- INPUT MATERIAL

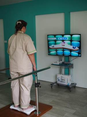 1.การฝึกการลงน้ำหนัก การทรงตัวด้วยเกมฝึก Balance โดนเกมนี้จะให้ผู้ป่วยฝึกการยืนทรงตัวโดยถ่ายน้ำหนักซ้าย-ขวา, หน้า-หลัง ในขณะยืนบน balance board และดึงตัวกลับสู่จุดศูนย์กลางเพื่อลงน้ำหนักขาทั้งสองข้างให้เท่ากัน
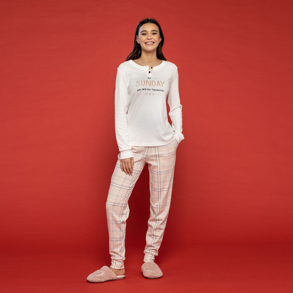 Pigiama Donna Sunday dallo stile moderno con Pantalone Tartan.
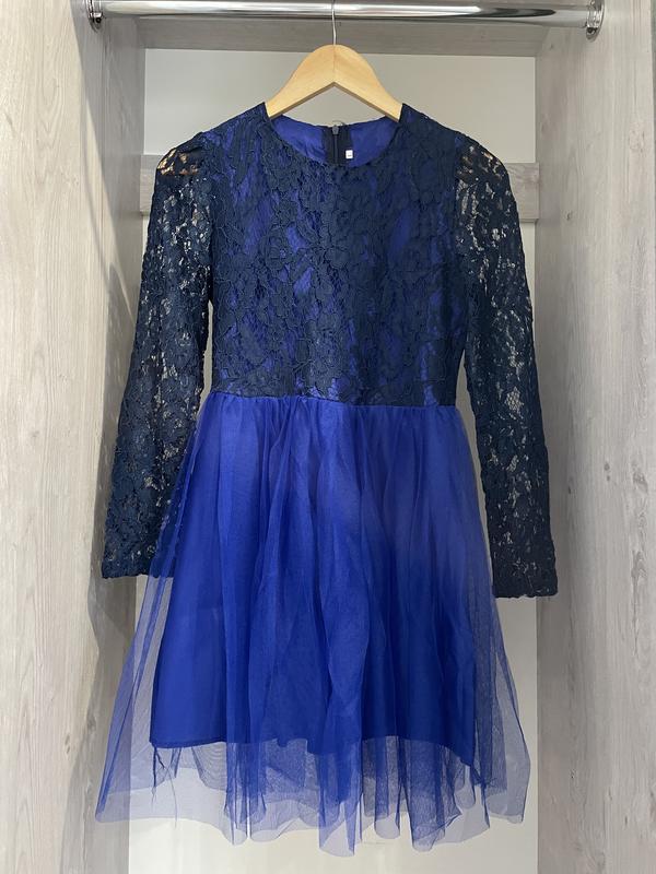 Множество лет прошло с появления первого фатинового платья, а она все равно в моде. Разнообразие моделей, выполненных из этого материала, просто поражает! Короткие, длинные, со вставками. Разве может такое разнообразие не привлечь внимание женского пола? Подбирая себе подобное платье можно с радостью обнаружить, что их сила-силена, и есть из чего выбрать каждой модницы. Мы представили Вам платье в ярком синем цвете с гипюровым лифом и фатиновым подъюбником - очень стильное и смелое сочетание! Прозрачные рукава соблазнительно демонстрируют руки, а длина платья отлично подчеркнет Ваши стройные ножки.
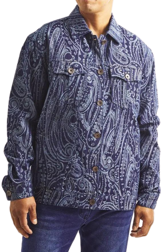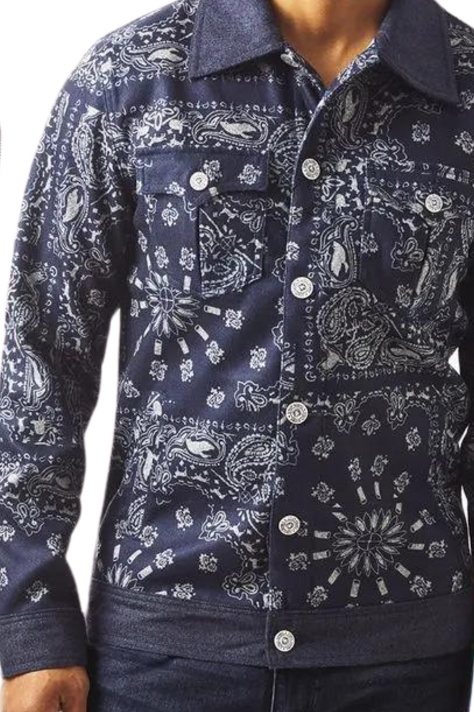 Men's Fancy Jacquard Denim Full Cut Jacket In Navy
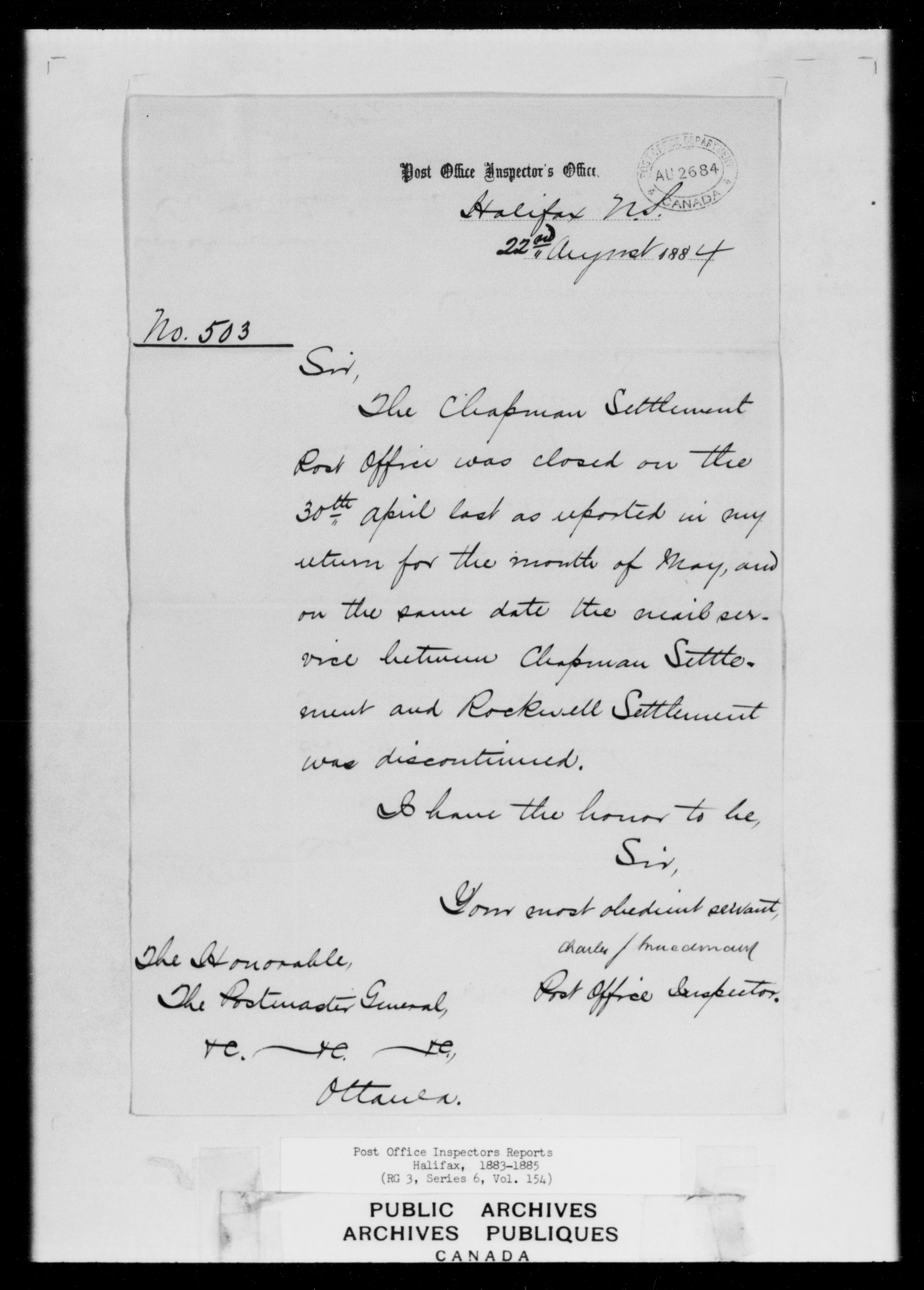 Post Office Inspectors Reports - Halifax and Charlottetown - 7251

- WHAT THE TASK REQUIRES
The required output consists only of the lines from the one containing "Men's Fancy Jacquard" to the last line of the material, reproduced exactly, pictures excluded.

- SOLUTION BELOW
 Men's Fancy Jacquard Denim Full Cut Jacket In Navy
 Post Office Inspectors Reports - Halifax and Charlottetown - 7251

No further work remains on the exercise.